- [Task item]
Write out exactly the lines from the one with "Silla de estudio" through the last line of the data below, but not the pictures.

- [Data]
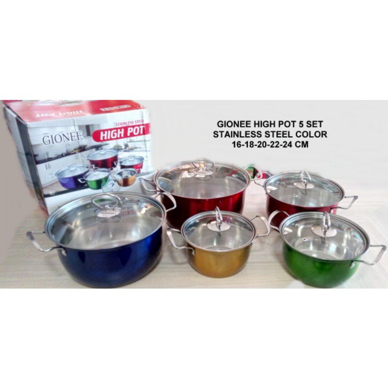 Panci Set 5Pcs Panci Steamer susun tutup kaca Panci Set Stainless Tebal isi 5 Panci Set High Pot Warna Panci Steamer
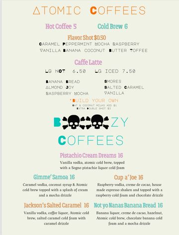 Crafted coffees, lattes, Boozys and more!
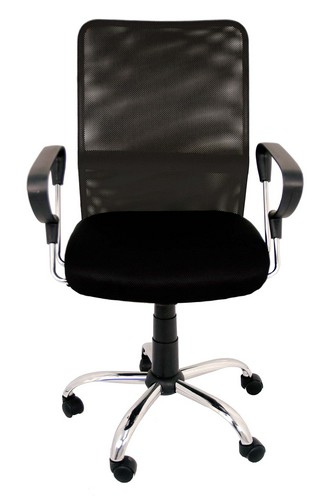 Silla de estudio con apoyabrazos, asiento regulable en altura, acabada en textil con rejilla transpirable en el respaldo, color negro, base cromada.Tamaño asiento 47X46cm, dimensiones respaldo 66X44cm. Dimensiones totales : 51.50x113x63.5cm
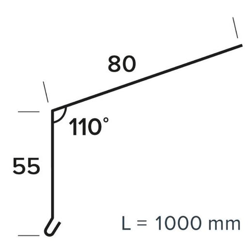 Fodblik nr 12 Materiale: Zink Længde: 1000 mm Dybde: 80 mm Højde: 55 mm Godstykkelse: 0,65 mm Vinkel: 110 grader
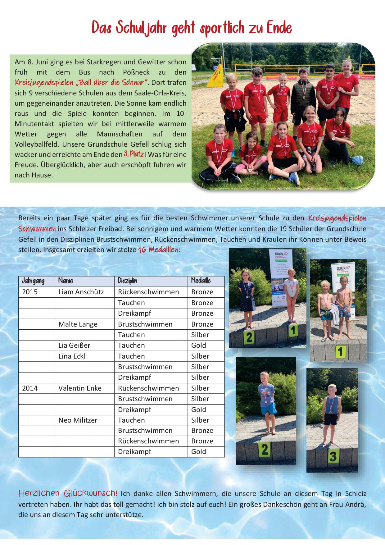 Das Schuljahr geht sportlich zu Ende

- [Solved problem]
 Silla de estudio con apoyabrazos, asiento regulable en altura, acabada en textil con rejilla transpirable en el respaldo, color negro, base cromada.Tamaño asiento 47X46cm, dimensiones respaldo 66X44cm. Dimensiones totales : 51.50x113x63.5cm
 Fodblik nr 12 Materiale: Zink Længde: 1000 mm Dybde: 80 mm Højde: 55 mm Godstykkelse: 0,65 mm Vinkel: 110 grader
 Das Schuljahr geht sportlich zu Ende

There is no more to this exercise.